Vœux d’espérance pour 2021

Raids, road trips, trails, marches, campagnes, pèlerinages… Quels rêves n’avons-nous pas faits depuis bientôt une année ? De confinements en restrictions de déplacements, de nettoyage de maisonnée en condamnation à l’oisiveté, quelle mesure du temps n’avons-nous pas essayée ? Autrefois, le noble cherchait à se déplacer quand c’était interdit. Maintenant, la roture s’y essaie aussi. Victoire de la démocratie ?

Le déplacement sur de longues distances est consubstantiel à l’homo sapiens – il a progressivement colonisé l’ensemble du globe – pour s’accélérer dès le néolithique. Par soucis de protection à bon marché, la plupart des politiques de la planète font semblant de l’avoir oublié ! Des fois que le vulgum pecus se prendrait pour Alexandre le Grand, Darius, Claude (avant Guillaume-le-Batard, il avait réussi la conquête de la Britannie) ou Magellan ! Ne circulez plus, il n’y aurait rien à voir ! Voire ! Souvenez-vous, il y a quelques semaines, courir le monde se réduisait à chercher sa baguette de pain avec un ausweis !

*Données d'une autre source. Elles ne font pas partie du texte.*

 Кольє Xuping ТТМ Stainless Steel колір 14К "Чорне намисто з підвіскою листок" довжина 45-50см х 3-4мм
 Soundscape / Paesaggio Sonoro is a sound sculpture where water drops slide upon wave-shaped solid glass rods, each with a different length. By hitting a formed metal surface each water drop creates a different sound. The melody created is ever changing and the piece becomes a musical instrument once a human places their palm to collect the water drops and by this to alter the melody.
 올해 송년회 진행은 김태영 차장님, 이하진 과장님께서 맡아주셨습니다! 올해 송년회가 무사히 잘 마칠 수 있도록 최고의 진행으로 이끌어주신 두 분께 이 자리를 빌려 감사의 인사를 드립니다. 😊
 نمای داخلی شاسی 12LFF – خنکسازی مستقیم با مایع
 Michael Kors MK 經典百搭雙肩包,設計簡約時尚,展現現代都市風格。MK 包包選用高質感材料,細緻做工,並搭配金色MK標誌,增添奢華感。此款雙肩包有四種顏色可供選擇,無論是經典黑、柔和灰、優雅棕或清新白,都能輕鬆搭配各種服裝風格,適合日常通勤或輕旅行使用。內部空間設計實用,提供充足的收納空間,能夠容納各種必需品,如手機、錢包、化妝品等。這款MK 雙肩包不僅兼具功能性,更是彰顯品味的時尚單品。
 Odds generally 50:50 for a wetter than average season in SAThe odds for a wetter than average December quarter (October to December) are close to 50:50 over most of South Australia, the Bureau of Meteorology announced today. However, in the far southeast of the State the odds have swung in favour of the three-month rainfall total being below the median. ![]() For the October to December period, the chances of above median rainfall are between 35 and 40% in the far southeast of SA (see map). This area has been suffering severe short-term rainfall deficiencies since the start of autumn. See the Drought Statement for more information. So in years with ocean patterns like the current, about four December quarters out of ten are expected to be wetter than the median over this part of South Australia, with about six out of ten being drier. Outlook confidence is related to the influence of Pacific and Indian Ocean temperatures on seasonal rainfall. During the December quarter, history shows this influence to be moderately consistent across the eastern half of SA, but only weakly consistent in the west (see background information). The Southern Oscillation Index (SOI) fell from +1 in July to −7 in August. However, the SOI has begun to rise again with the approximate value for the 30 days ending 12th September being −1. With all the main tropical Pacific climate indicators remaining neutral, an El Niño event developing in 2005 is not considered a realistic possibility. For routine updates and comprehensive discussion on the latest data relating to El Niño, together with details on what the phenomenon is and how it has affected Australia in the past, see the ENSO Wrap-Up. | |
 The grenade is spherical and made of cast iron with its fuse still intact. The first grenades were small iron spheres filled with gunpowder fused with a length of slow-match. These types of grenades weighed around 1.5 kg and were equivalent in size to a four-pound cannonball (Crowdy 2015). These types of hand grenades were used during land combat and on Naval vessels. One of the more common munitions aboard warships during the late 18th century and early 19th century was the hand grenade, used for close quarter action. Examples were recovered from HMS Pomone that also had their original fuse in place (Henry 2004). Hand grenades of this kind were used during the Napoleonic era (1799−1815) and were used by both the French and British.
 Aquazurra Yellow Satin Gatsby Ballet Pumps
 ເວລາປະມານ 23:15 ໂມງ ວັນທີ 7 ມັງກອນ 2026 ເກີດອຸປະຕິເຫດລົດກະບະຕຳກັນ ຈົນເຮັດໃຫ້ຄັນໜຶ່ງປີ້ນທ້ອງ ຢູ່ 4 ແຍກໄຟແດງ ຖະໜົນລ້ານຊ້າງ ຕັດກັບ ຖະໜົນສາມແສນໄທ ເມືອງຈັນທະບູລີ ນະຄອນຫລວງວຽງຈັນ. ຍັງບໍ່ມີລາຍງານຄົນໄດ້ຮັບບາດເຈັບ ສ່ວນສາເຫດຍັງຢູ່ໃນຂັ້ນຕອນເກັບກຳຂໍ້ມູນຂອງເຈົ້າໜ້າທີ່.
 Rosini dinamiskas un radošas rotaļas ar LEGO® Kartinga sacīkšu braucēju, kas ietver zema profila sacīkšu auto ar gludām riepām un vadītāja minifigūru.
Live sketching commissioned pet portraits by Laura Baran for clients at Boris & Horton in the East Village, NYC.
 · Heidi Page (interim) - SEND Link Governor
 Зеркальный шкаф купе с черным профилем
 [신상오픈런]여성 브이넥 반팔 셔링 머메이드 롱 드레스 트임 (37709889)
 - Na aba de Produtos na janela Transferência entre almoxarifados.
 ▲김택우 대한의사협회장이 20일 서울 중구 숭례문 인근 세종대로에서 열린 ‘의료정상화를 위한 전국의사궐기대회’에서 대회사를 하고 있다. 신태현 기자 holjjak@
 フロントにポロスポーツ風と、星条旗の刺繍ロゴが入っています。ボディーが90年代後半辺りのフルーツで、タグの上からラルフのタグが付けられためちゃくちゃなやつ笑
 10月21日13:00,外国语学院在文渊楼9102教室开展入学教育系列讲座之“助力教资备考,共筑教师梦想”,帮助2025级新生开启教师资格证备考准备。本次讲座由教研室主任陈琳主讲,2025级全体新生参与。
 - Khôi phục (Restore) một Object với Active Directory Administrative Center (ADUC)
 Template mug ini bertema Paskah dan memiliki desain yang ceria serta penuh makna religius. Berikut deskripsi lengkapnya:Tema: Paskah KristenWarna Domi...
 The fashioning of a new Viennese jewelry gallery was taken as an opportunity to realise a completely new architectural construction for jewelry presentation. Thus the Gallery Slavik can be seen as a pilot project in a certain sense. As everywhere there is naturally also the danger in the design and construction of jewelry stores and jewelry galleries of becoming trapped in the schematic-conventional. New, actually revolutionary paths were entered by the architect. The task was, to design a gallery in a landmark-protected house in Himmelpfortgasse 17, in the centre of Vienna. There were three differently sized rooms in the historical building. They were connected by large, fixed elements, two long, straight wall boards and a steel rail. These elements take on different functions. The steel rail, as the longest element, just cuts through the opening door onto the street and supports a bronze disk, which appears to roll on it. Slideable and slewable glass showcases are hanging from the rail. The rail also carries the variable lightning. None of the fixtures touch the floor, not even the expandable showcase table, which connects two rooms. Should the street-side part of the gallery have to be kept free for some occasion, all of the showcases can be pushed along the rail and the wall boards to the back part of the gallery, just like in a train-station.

Les autorités de santé, à moins que ce ne soit que la santé autoritaire, ont ignoré que le voyage fortifie la mémoire. Remplir un carnet de voyage revient donc à la mode. Même longtemps après coup. Le grattage du papier est souvent plus propice à l’extension de la réflexion que le dépôt digital d’un message à la pérennité incertaine. Voyager en ravivant les souvenirs de déplacements est devenu la seule possibilité du mouvement immatériel. Faire le « Grand Tour » est maintenant réservé aux politiciens et hommes d’affaires, armés de leur passeport de responsabilités. Ce n’est pas de sitôt que pourront s’exprimer de nouveaux Marco Polo, Jules Verne, Robinson Crusoé ou Christophe Colomb ! Le simple quidam a vu son univers se rétrécir à un kilomètre. Le Prince a daigné aller jusqu’à vingt pour juguler la désobéissance des manants. A cette distance, point de divine surprise, sauf un coronavirus embusqué. Comment la jeunesse peut-elle parfaire une éducation dans un tel périmètre ? Heureusement que Goethe et Alexandre Dumas ne sont pas nos bridés de contemporains ! Que de belles pages d’évasion aurions-nous manquées ! Une lueur d’espoir quand même avec le maintien du programme Erasmus – mais plus pour les évadés de l’Europe : Bye, compleat gentleman ! – qui continue d’assurer sa mission quasi-évangélique. Clin d’œil à la peregrinatio academica – la pérégrination académique – des étudiants médiévaux qui se déplaçaient d’une université à l’autre… jusqu’à ce que les barrières confessionnelles et étatiques, puis la disparition du latin comme lingua franca, la firent disparaître pendant plus de quatre siècles. Heureux retour en grâce du Junkerfahrt ou Cavaliertour de nos cousins germains.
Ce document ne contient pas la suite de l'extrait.